Monday, February 26

Google is scanning your Gmail inbox



Google and other companies store massive amounts of your personal data, some that you may not even be aware of.

In fact, Google tracks what you buy and keeps the extensive history compiled on your account. As CNBC recently discovered, a page called “Purchases” shows Google users a list of purchases they’ve made.

The list doesn’t include a complete history of what you’ve bought, though, and only includes purchases that come with a digital receipt sent to your Gmail account. Essentially, Google is mining your inbox to compile this list in one place.

For me, my Purchases page include coffees bought at shops that use Square, food delivery through Grubhub and Seamless, and orders made on Amazon. Google traces back my purchasing history back to 2013, when I was still buying singles off of iTunes.

Google did not immediately respond to Business Insider’s request for comment. However, in a statement to CNBC, a Google spokesperson said the “Purchases” page is private, and isn’t used by Google for purposes like ad targeting.

To help you easily view and keep track of your purchases, bookings and subscriptions in one place, we’ve created a private destination that can only be seen by you, the Google spokesperson told CNBC.

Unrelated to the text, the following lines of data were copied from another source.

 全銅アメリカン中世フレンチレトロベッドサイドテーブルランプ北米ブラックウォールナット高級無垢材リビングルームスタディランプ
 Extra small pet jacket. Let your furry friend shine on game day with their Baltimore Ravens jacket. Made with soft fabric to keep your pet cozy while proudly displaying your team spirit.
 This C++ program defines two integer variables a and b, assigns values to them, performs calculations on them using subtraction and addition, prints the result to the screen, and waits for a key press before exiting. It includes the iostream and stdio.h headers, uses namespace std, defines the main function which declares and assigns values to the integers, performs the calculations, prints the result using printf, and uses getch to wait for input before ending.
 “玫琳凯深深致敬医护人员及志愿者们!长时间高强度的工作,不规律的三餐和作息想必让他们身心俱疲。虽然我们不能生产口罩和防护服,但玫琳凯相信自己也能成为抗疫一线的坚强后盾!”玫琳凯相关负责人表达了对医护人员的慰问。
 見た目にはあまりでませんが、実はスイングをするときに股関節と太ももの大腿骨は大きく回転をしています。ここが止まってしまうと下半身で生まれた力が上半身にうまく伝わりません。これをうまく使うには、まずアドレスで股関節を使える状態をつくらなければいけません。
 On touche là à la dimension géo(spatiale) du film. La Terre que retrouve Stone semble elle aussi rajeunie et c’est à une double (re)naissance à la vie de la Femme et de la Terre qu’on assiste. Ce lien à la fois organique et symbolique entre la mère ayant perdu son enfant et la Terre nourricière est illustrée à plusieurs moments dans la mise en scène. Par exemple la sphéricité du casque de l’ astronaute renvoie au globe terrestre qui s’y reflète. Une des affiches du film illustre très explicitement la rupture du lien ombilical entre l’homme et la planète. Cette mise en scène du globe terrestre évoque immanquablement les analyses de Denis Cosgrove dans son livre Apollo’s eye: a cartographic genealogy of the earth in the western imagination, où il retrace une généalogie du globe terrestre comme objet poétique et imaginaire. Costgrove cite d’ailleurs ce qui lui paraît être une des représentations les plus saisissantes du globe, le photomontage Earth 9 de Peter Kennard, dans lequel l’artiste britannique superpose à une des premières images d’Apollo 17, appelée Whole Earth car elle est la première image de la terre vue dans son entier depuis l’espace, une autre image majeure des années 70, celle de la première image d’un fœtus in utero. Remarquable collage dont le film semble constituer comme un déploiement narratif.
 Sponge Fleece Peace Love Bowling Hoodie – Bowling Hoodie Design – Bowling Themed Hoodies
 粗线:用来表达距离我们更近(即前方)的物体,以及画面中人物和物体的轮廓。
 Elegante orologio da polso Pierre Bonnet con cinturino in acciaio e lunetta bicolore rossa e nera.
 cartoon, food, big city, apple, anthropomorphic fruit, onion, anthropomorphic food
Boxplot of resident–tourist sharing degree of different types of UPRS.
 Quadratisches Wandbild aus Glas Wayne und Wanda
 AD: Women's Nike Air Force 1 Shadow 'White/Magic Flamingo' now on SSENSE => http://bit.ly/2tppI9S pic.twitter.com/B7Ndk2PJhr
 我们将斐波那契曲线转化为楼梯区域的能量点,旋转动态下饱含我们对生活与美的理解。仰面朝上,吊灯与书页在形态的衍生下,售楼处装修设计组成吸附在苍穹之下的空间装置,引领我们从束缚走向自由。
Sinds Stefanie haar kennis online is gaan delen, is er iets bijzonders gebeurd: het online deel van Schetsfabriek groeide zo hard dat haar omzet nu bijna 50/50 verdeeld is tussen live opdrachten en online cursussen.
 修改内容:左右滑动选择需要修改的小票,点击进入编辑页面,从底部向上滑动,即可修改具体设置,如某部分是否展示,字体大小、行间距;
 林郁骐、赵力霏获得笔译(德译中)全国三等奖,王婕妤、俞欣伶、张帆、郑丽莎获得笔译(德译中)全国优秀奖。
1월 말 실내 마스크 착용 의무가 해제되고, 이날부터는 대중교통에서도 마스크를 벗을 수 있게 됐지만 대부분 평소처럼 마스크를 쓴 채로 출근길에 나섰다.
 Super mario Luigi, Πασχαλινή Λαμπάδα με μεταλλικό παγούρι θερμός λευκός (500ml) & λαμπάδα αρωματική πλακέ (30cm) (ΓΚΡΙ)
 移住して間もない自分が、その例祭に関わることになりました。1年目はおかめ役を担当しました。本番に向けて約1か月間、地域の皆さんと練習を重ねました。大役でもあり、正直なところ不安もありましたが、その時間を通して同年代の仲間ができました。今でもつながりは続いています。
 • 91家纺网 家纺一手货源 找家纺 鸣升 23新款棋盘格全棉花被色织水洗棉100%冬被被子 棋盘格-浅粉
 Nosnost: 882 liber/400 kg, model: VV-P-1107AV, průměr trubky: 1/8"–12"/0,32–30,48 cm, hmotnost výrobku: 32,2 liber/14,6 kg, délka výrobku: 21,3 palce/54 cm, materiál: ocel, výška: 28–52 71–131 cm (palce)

We don’t use any information from your Gmail messages to serve you ads, and that includes the email receipts and confirmations shown on the Purchase page.

Google also told CNBC that you can delete this information at any time. While that may be true, Google has made it incredibly difficult to erase your purchasing history. There’s no option on the Purchases page to delete your complete history at once.

Instead, Google says that you have to manually go into each purchase entry, view the emailed receipt in your inbox, and, depending on where you made the purchase, either delete the entry or delete each email.

Additionally, there’s no clear way to stop Google from maintaining this Purchases page and tracking purchases in the future.